If you haven’t yet signed up for a bar review course, you should do that ASAP. A great guide to choosing which course, and getting ready generally, is “Pass the Bar!”, by Riebe and Schwartz; they have created helpful “action checklists” and the first one is relevant right now, as it suggests actions to take 6-12 months before your commercial bar review course starts. If you are unsure about which state to choose because of job uncertainty and therefore delayed choosing a course and getting ready, I advise choosing a UBE jurisdiction. The Uniform Bar Examination is now required in more than half of all US jurisdictions, including two of our top four job markets, DC and New York, and the score is portable. You can find out more about that and the subjects tested at www.ncbex.org. If you commit to a course soon, you can start using review and practice materials now, before time pressure kicks in. Check with the course provider to make sure you can switch to a different state course if you need to.

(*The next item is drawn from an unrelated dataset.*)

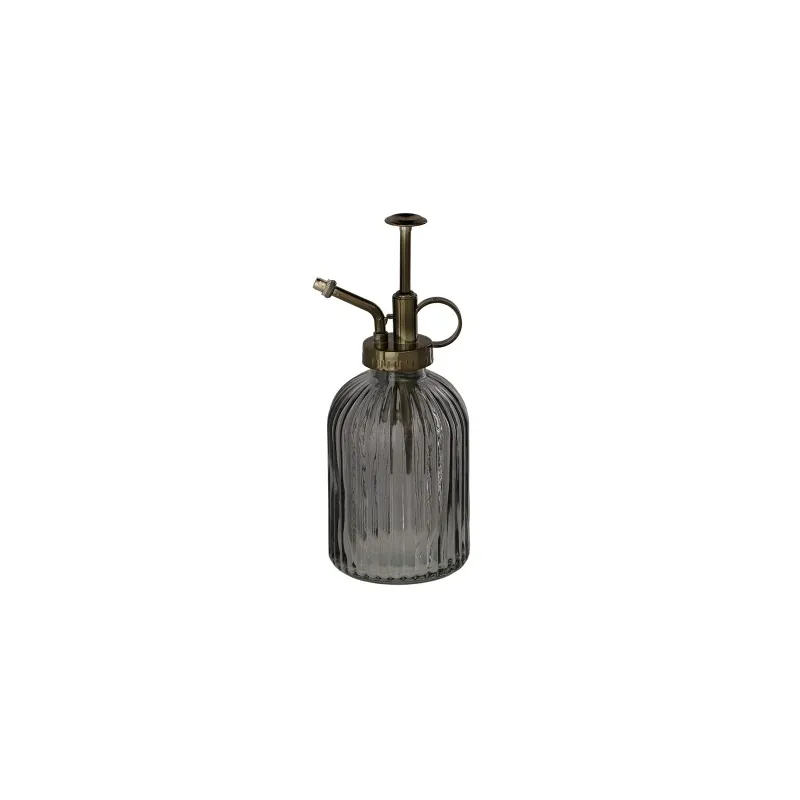Spryskiwacz Esschert Design to stylowe i praktyczne narzędzie do delikatnego zraszania roślin w domu i ogrodzie. Wykonany ze szkła ze szlifowanym (ribbel) wzorem, umożliwia precyzyjne dozowanie wody i dodaje dekoracyjnego akcentu do aranżacji zieleni.
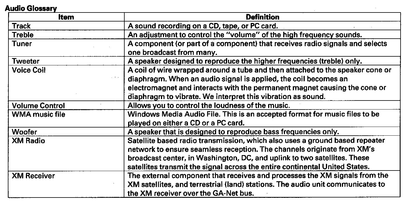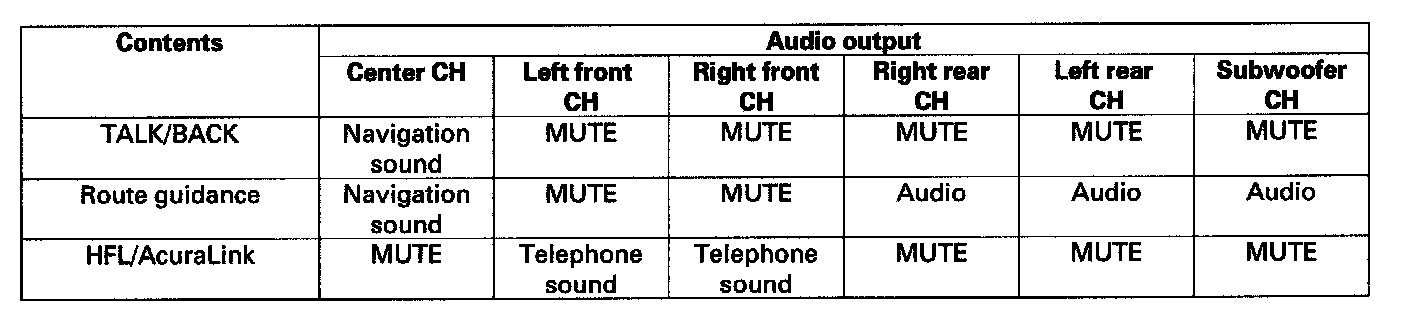 The navigation system provides voice control for front/rear audio, XM, and CD player. Voice control commands are communicated on the GA-Net (audio unit). When using the TALK/BACK or route guidance (RG), only the center speaker gives the navigation instructions. When using HFL/AcuraLink, the center speaker, the rear speakers, and the subwoofer are muted and the front left/right speakers give the telephone sound. When using HFL/AcuraLink and RG or TALK/BACK, the rear speakers, and the subwoofer are muted and the front speakers give the telephone sound and the navigation instructions. Muting commands are passed on the GA-Net bus. For more information, see the navigation section. The outline of the audio interruption function is shown in the following table.

If you haven’t yet subscribed to this blog, Emory Law Bar Readiness, I encourage you to do that now. We will be doing a lot of bar readiness programs for you in the spring semester, including MBE diagnostic exams, MBE Overview sessions, etc. Watch for details here, as well as in On The Docket as soon as you return in January. Please don’t be swayed by lawyer friends who took the bar more than a couple of years ago! Many will tell you that you don’t need to work that hard. The MBE has gotten harder and has added topics since most current lawyers took the bar exam. It has been changed in some ways that I think are unpredictable; the only safe way to give yourself the best chance to pass first time is to over-study and start early.
Enjoy your break — and give yourself a break, by thinking about the bar now instead of later!